Vous écrivez fort habilement que pendant ces 6 mois, mon comportement de conducteur s’est traduit par un respect accru des règles de conduite, et que vous m’encouragez à maintenir ma vigilance pour protéger ma vie ainsi que celle de mes proches et des autres usagers sur la route.

Si l’état des routes de France était aussi bien surveillé et entretenu que le soin que vous prenez à mon égard et celui des usagers, nous ne serions pas obligés d’avoir constamment les yeux rivés sur le compteur kilométrique.

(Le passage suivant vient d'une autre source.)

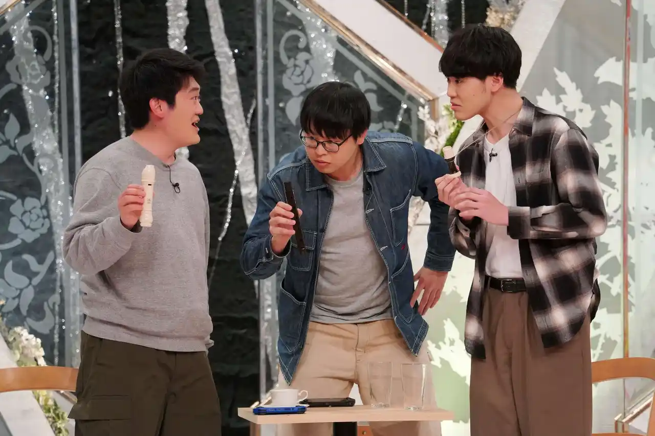 最後に前回放送のエンディングで池田美優(みちょぱ)がリクエストした「同じ小道具を使ったコント」を新たなお題として採用。バカリズムがセレクトした“黒帯”、“ポータブルゲーム機”、“アルトリコーダー”の3つの小道具を必ず使わなければならない【同じ小道具】ネタに、えびしゃと青色1号が挑戦。「ここまで完成度が高いと次回もやってほしい」と、笑顔のみちょぱだった。 |
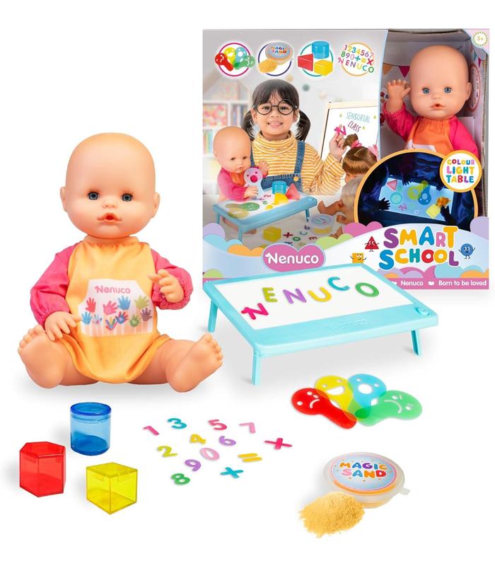 Nenuco Smart School ofrece una experiencia única con su mesa de luz multicolor y accesorios translúcidos. Los niños pueden disfrutar de un aula sensorial completa en casa, transformando el aprendizaje en un juego lleno de colores y luces.
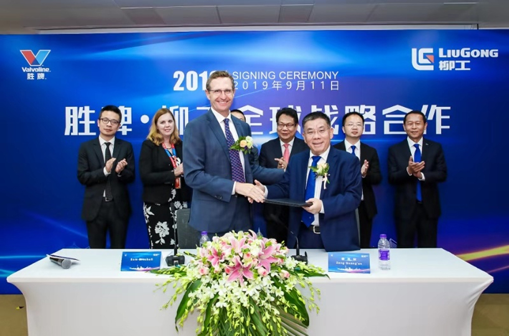 Shanghai, China, September 11, 2019 — Guangxi Liugong Group Co., Ltd. (LiuGong) and Valvoline Inc. (Valvoline) held a signing ceremony in Shanghai to announce a global partnership. Mr. Zeng Guang’an, Chairman of LiuGong Group and Mr. Sam Mitchell, CEO of Valvoline, signed a memorandum of understanding, opening a new chapter of cooperation as Valvoline becomes the preferred provider of lubricants for LiuGong equipment outside of China.
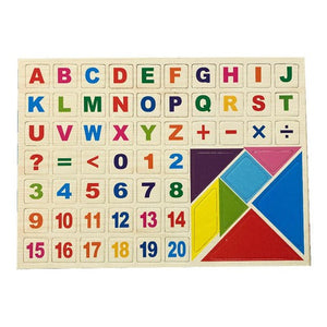 Abecedario (26 letras)+Números y simbolos matematicos (28 en total)+Tangrama (7 piezas) de madera con imán.
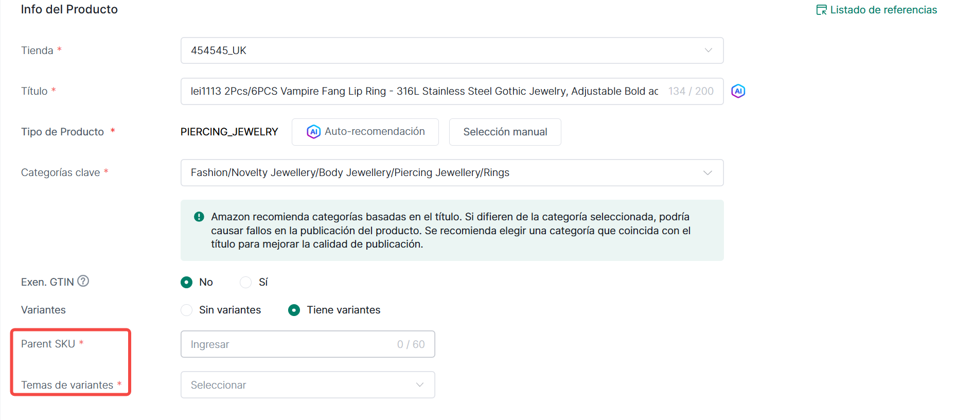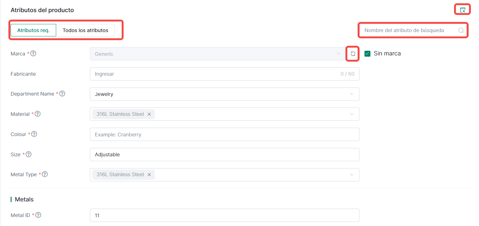 Nota: La información de la marca se sincroniza con la información del backend de Amazon. Si el producto no tiene marca, seleccione "Sin marca" para reemplazarlo automáticamente por "Genérico".

En revanche, pendant ces 6 mois, j’ai été confiné au Maroc avec ma femme dans mon camping car. Mes problèmes de santé ne vous ont pas trop préoccupée. Les multiples courriels aux ambassades et consulats de France dans ce pays et ceux envoyés au ministère des Affaires étrangères à Paris sont toujours sans réponses à ce jour. Mais vous, votre préoccupation principale est la sécurité de tous, les petits détails de meurtre, en traînant une jeune infirmière sur 800 après l’avoir percutée volontairement par un conducteur probablement sans permis, forcément sans assurance et voire un peu shooté, ne vous inquiète pas.

Je vais utiliser la même formule de politesse que vous, puisque vous me méprisez à tel point que vous n’avez pas regardé que j’ai 73 ans, que j’ai eu mon permis VL le 17/06/1965 soit 2 mois après mes 18 ans, que j’ai passé mon permis poids lourd, transport en commun le 13/08/1980 et une troisième fois le 26/12/2001 pour la moto. Avec mon métier de couvreur commencé à l’âge de 14 ans, mis à la retraite à 59 ans, dont 20 ans à mon compte, aucun arrêt de travail. Que j’ai fait des millions de kilomètres avec tous les types de véhicule, y compris ceux des pompiers, ambulanciers, et camping car maintenant, que je n’ai eu que 1 ou deux accidentd responsabled sans gravité. Mais votre travail obsessionnel, qui n’est que financier, vous aveugle.

Je vous souhaite une bonne réception.

Je vous prie d’agréer, Madame, l’expression de ma sincère considération.